For early stopping we build the same network but then we implement early stopping using callbacks.

In [ ]:
# Building an unregularized NN with early stopping. 
# Initialise the NN, give it an appropriate name for the ease of reading
# The FCNN has 5 layers, each with 100 nodes
model_2 = models.Sequential(name='EarlyStopping')

# Add 5 hidden layers with 100 neurons each 
# tanh is the activation for the first layer
# relu is the activation for all other layers
model_2.add(layers.Dense(100,  activation='tanh', input_shape=(1,)))
model_2.add(layers.Dense(100,  activation='relu'))
model_2.add(layers.Dense(100,  activation='relu'))
model_2.add(layers.Dense(100,  activation='relu'))
model_2.add(layers.Dense(100,  activation='relu'))

# Add the output layer with one neuron 
model_2.add(layers.Dense(1,  activation='linear'))

# View the model summary
model_2.summary()
In [ ]:
# Use the keras early stopping callback with patience=10 while monitoring the loss
callback = ___

# Compile the model with MSE as loss and Adam optimizer with learning rate as 0.001
___

# Save the history about the model after fitting on the train data
# Use 0.2 validation split with 1500 epochs and batch size of 10
# Use the callback for early stopping here
history_2 = ___
In [ ]:
# Helper function to plot the data
# Plot the MSE of the model
plt.rcParams["figure.figsize"] = (10,8)
plt.title("Early stop model")
plt.semilogy(history_2.history['loss'], label='Train Loss', color='#FF9A98', linewidth=2)
plt.semilogy(history_2.history['val_loss'],  label='Validation Loss', color='#75B594', linewidth=2)
plt.legend()

# Set the axes labels
plt.xlabel('Epochs')
plt.ylabel('Log MSE Loss')
plt.legend()
plt.show()
In [ ]:
# Use the early stop implemented model above to predict for x_b (used exclusively for plotting)
y_early_stop_pred = ___

# Use the model above to predict on the test data
y_earl_stop_pred_test = ___

# Compute the test MSE by predicting on the test data
mse_es = ___
In [ ]:
# Use the helper code to plot the predicted data

# Plotting the predicted data using the L2 regularized model
plt.rcParams["figure.figsize"] = (10,8)
plt.plot(x_b, y_early_stop_pred, label='Early stop regularized model', color='black', linewidth=2)

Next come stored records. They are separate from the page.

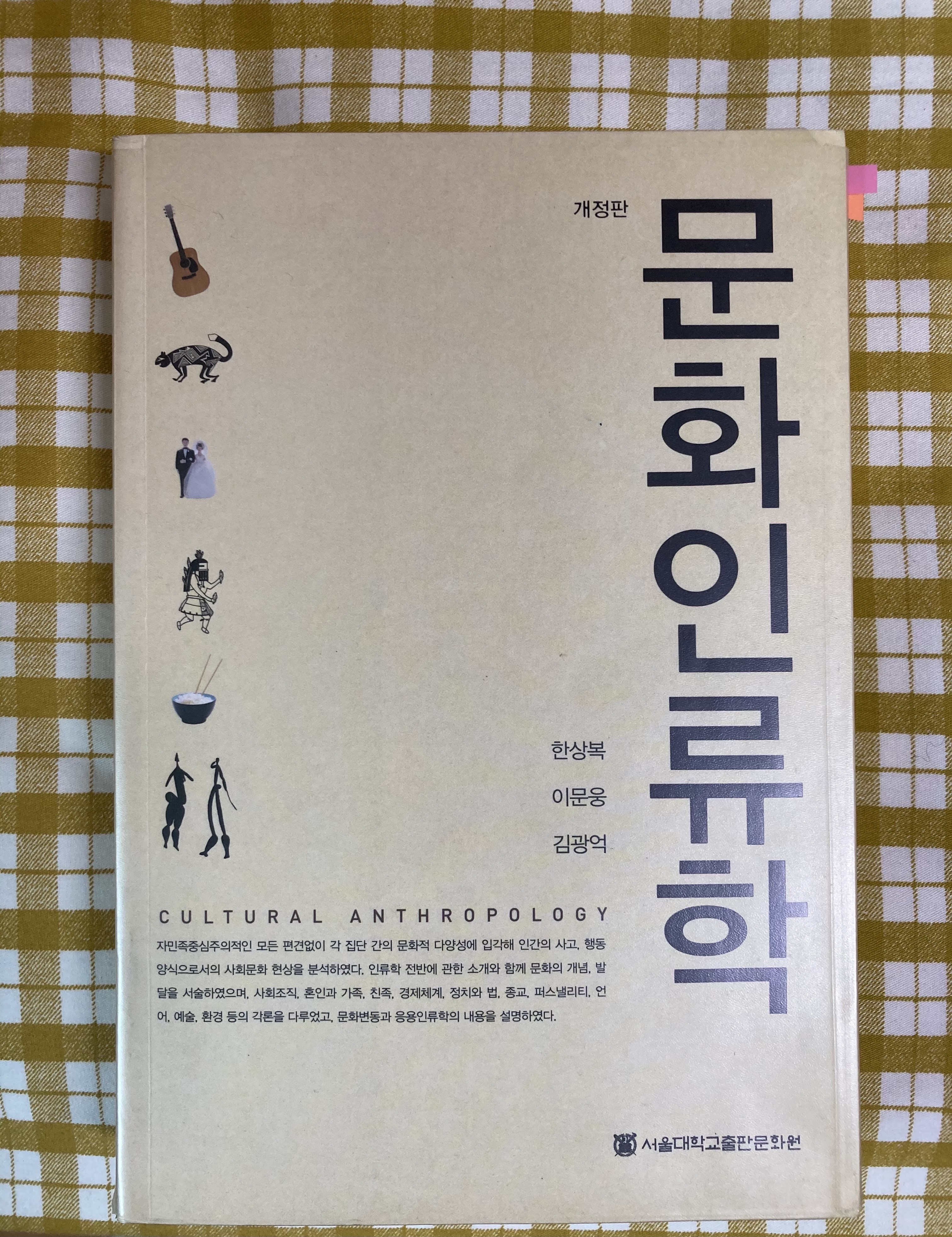 1. 달달 외워야하는 개론서가 된 문화인류학/ 가격:만원 / 상태 최상 / 필기밑줄 거의x -> 판매완료
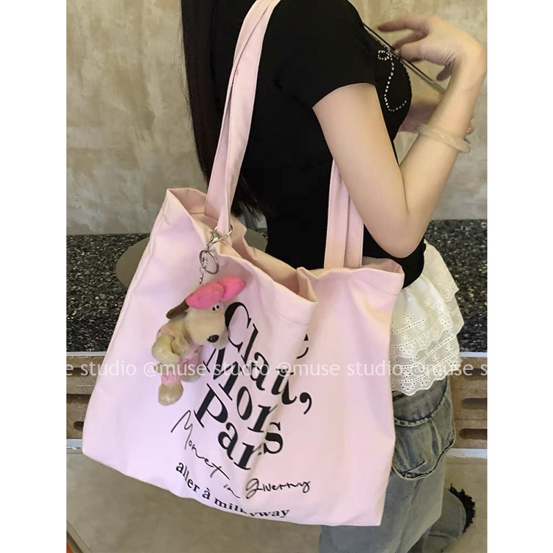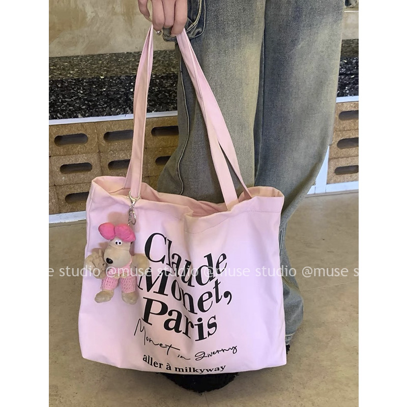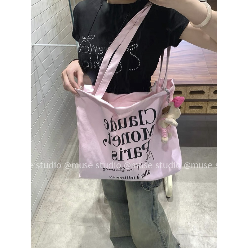 韩国ins简约字母帆布包2025新款 大容量通勤单肩包托特包 博主时尚
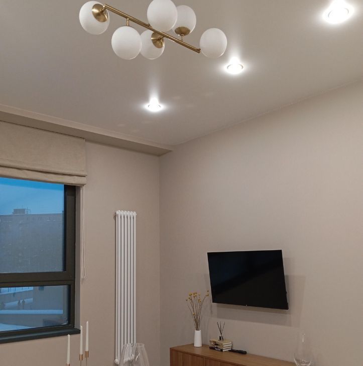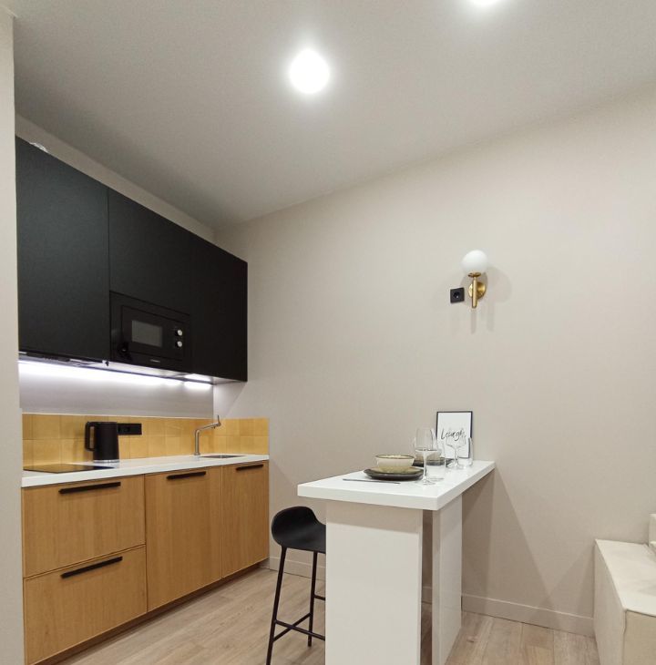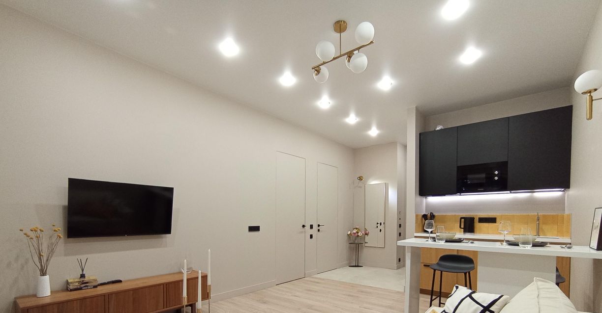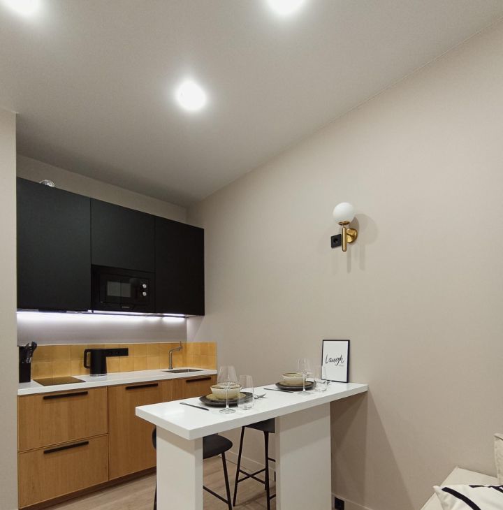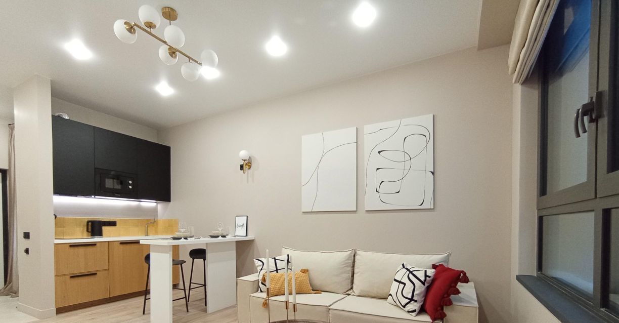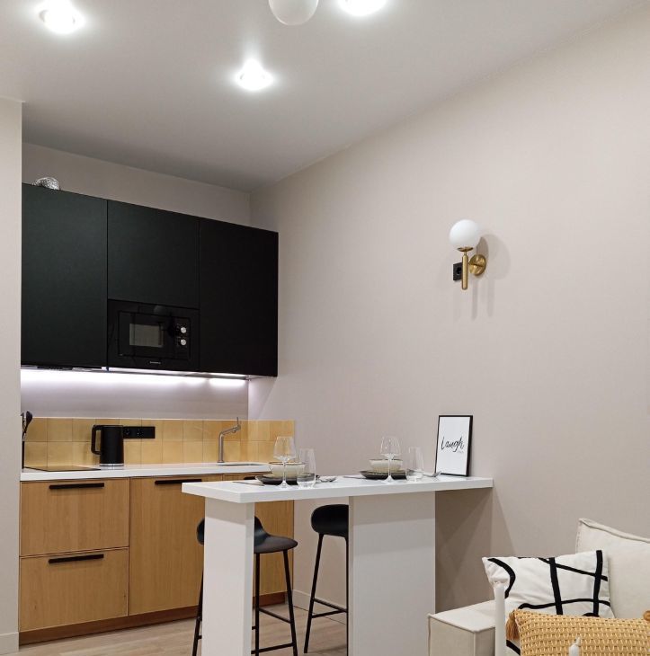 Кухня-гостиная оборудована встроенной бытовой техникой (холодильник, варочная, вытяжка, СВЧ), столешница из искусственного камня, барная стойка, удобный раскладывающийся диван, Smart TV;
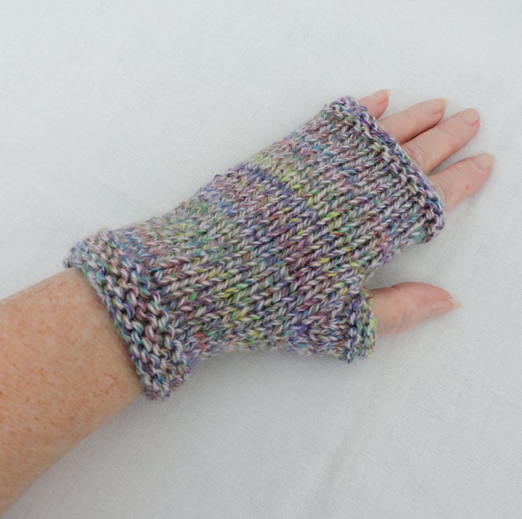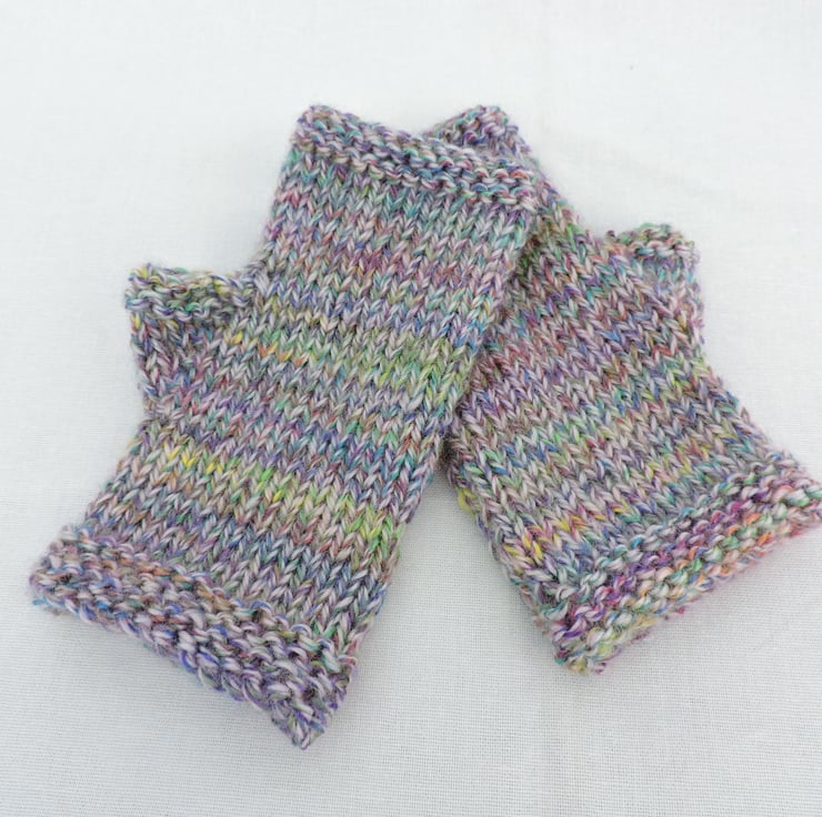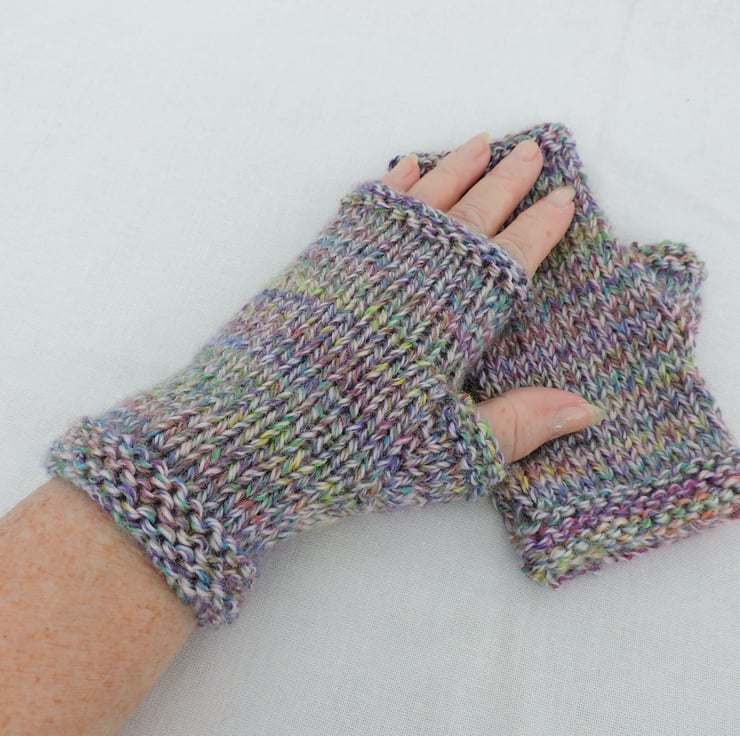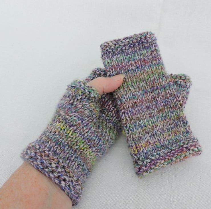I've knitted these colourful fingerless mitts in a multi tonal chunky acrylic yarn. They have a garter stitch cuff and top with a stocking stitch body. The colour is a marl yarn of purple, green, yellow, pink and cream. Beautifully soft and warm.
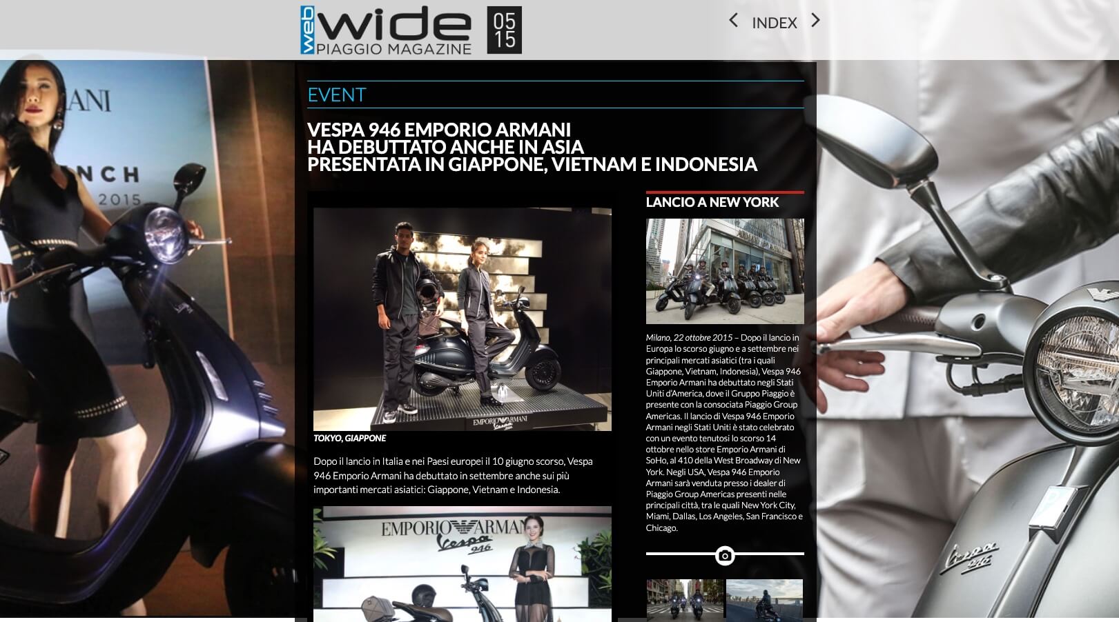 WIDE REWIND – SETTEMBRE E OTTOBRE 2015, VESPA 946 EMPORIO ARMANI HA DEBUTTATO ANCHE IN ASIA. PRESENTATA IN GIAPPONE, VIETNAM E INDONESIA. LANCIO A NEW YORK:

# Plotting the predicted data using the unregularized model
plt.plot(x_b, y_pred, label = 'Unregularized model', color='#005493', linewidth=2)

# Plotting the training data
plt.plot(x_train,y_train, '.', label='Train data', markersize=15, color='#FF9A98')

# Plotting the testing data
plt.plot(x_test,y_test, '.', label='Test data', markersize=15, color='#75B594')

# Set the axes labels
plt.xlabel('X')
plt.ylabel('Y')
plt.legend()
plt.show()

Mindchow 🍲

After marking change the patience parameter once to 2 and once to 100 in the early stopping callback with the same data. Do you notice any change? While value is more efficient?